WORK ITEM »
Quote the whole listing verbatim.

DATA FOR PROCESSING »
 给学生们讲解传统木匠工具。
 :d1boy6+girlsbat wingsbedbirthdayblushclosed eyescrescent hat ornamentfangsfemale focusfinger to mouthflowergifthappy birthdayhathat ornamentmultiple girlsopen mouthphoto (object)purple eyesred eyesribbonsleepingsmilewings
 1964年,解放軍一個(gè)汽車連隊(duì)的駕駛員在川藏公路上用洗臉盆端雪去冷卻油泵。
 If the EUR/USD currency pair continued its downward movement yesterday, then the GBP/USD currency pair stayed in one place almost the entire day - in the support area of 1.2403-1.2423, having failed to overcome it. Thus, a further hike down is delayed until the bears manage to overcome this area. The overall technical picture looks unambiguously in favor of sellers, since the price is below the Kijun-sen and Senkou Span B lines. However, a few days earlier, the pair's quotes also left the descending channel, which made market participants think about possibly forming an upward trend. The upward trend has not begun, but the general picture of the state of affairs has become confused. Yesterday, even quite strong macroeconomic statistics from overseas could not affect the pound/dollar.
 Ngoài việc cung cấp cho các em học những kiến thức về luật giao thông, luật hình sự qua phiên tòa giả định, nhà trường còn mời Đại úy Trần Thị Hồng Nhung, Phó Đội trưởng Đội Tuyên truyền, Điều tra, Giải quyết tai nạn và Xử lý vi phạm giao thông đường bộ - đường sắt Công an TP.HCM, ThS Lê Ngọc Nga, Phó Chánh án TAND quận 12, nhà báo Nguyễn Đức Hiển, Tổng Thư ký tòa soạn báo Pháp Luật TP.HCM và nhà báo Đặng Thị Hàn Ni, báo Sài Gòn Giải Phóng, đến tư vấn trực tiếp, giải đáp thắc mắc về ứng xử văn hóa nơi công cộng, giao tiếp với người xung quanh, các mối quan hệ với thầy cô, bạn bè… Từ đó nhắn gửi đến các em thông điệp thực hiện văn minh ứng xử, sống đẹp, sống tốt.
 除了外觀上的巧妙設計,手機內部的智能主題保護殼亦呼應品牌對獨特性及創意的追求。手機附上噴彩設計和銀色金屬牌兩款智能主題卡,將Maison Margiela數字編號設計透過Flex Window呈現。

ANSWER SECTION »
 给学生们讲解传统木匠工具。
 :d1boy6+girlsbat wingsbedbirthdayblushclosed eyescrescent hat ornamentfangsfemale focusfinger to mouthflowergifthappy birthdayhathat ornamentmultiple girlsopen mouthphoto (object)purple eyesred eyesribbonsleepingsmilewings
 1964年,解放軍一個(gè)汽車連隊(duì)的駕駛員在川藏公路上用洗臉盆端雪去冷卻油泵。
 If the EUR/USD currency pair continued its downward movement yesterday, then the GBP/USD currency pair stayed in one place almost the entire day - in the support area of 1.2403-1.2423, having failed to overcome it. Thus, a further hike down is delayed until the bears manage to overcome this area. The overall technical picture looks unambiguously in favor of sellers, since the price is below the Kijun-sen and Senkou Span B lines. However, a few days earlier, the pair's quotes also left the descending channel, which made market participants think about possibly forming an upward trend. The upward trend has not begun, but the general picture of the state of affairs has become confused. Yesterday, even quite strong macroeconomic statistics from overseas could not affect the pound/dollar.
 Ngoài việc cung cấp cho các em học những kiến thức về luật giao thông, luật hình sự qua phiên tòa giả định, nhà trường còn mời Đại úy Trần Thị Hồng Nhung, Phó Đội trưởng Đội Tuyên truyền, Điều tra, Giải quyết tai nạn và Xử lý vi phạm giao thông đường bộ - đường sắt Công an TP.HCM, ThS Lê Ngọc Nga, Phó Chánh án TAND quận 12, nhà báo Nguyễn Đức Hiển, Tổng Thư ký tòa soạn báo Pháp Luật TP.HCM và nhà báo Đặng Thị Hàn Ni, báo Sài Gòn Giải Phóng, đến tư vấn trực tiếp, giải đáp thắc mắc về ứng xử văn hóa nơi công cộng, giao tiếp với người xung quanh, các mối quan hệ với thầy cô, bạn bè… Từ đó nhắn gửi đến các em thông điệp thực hiện văn minh ứng xử, sống đẹp, sống tốt.
 除了外觀上的巧妙設計,手機內部的智能主題保護殼亦呼應品牌對獨特性及創意的追求。手機附上噴彩設計和銀色金屬牌兩款智能主題卡,將Maison Margiela數字編號設計透過Flex Window呈現。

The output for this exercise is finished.